*** Material for this exercise ***

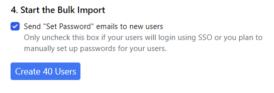 Once you have selected which role to give your users (in step 3 above) you will see an additional menu selection prompting you to create your users. Keep the checkbox next to “Send ‘Set Password’ emails to new users” checked unless you are using a single sign on (SSO) login for your organization or if you plan on manually setting up your users’ passwords yourself.
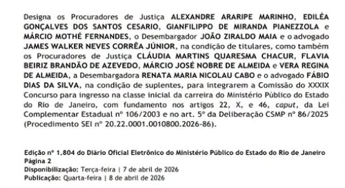 O MP RJ publicou a composição da Comissão do XXXIX Concurso para ingresso na classe inicial da carreira de Promotor de Justiça.
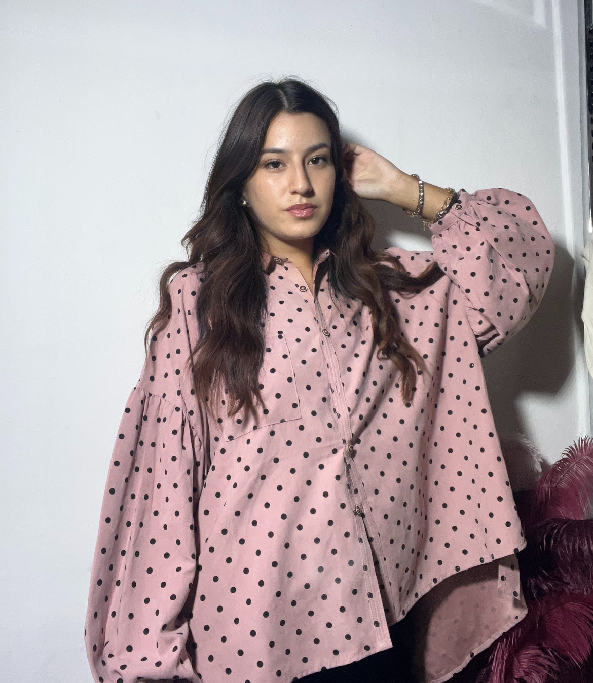 Una camicia rosa brillante a pois neri, con manica a sbuffo, che da un tocco audace e grintoso al look. Le maniche a sbuffo conferiscono un volume drammatico, creando un look vivace e di tendenza. Perfetta per chi ama osare.💌
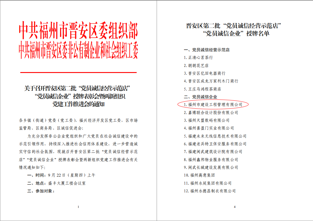9月22日上午,晉安區(qū)委組織部等部門聯(lián)合舉辦晉安區(qū)第二批“黨員誠信示范店”“黨員誠信企業(yè)”授牌表彰會,我司榮獲“黨員誠信企業(yè)”榮譽稱號。這個稱號是對我司長期以來誠信經營的肯定,也是對我們今后堅持誠信合法經營的一種鞭策。
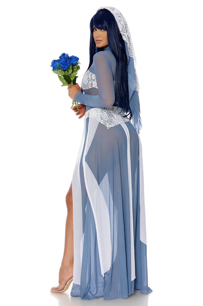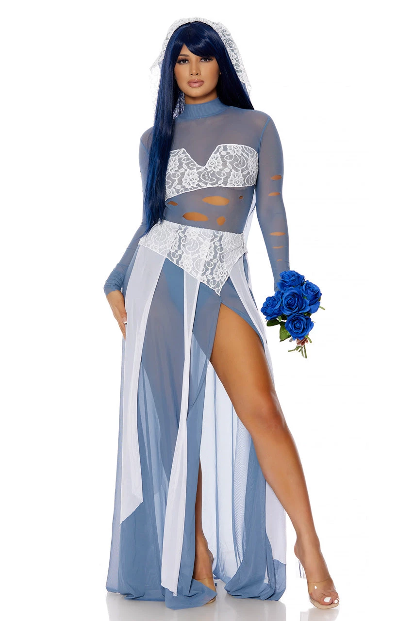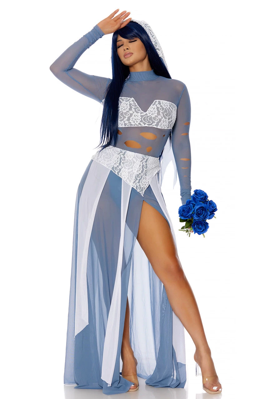 This four-piece, Death Do Us Part costume includes a blue mesh, mockneck bodysuit with long sleeves, lace panels, a matching high slit skirt, a lace veil, and faux rose bouquet.

*** End of Material for this exercise ***

Task objective. Transcribe the entries above word for word, but leave every picture out of your copy.

Solution to this task.
 Once you have selected which role to give your users (in step 3 above) you will see an additional menu selection prompting you to create your users. Keep the checkbox next to “Send ‘Set Password’ emails to new users” checked unless you are using a single sign on (SSO) login for your organization or if you plan on manually setting up your users’ passwords yourself.
 O MP RJ publicou a composição da Comissão do XXXIX Concurso para ingresso na classe inicial da carreira de Promotor de Justiça.
 Una camicia rosa brillante a pois neri, con manica a sbuffo, che da un tocco audace e grintoso al look. Le maniche a sbuffo conferiscono un volume drammatico, creando un look vivace e di tendenza. Perfetta per chi ama osare.💌
9月22日上午,晉安區(qū)委組織部等部門聯(lián)合舉辦晉安區(qū)第二批“黨員誠信示范店”“黨員誠信企業(yè)”授牌表彰會,我司榮獲“黨員誠信企業(yè)”榮譽稱號。這個稱號是對我司長期以來誠信經營的肯定,也是對我們今后堅持誠信合法經營的一種鞭策。
 This four-piece, Death Do Us Part costume includes a blue mesh, mockneck bodysuit with long sleeves, lace panels, a matching high slit skirt, a lace veil, and faux rose bouquet.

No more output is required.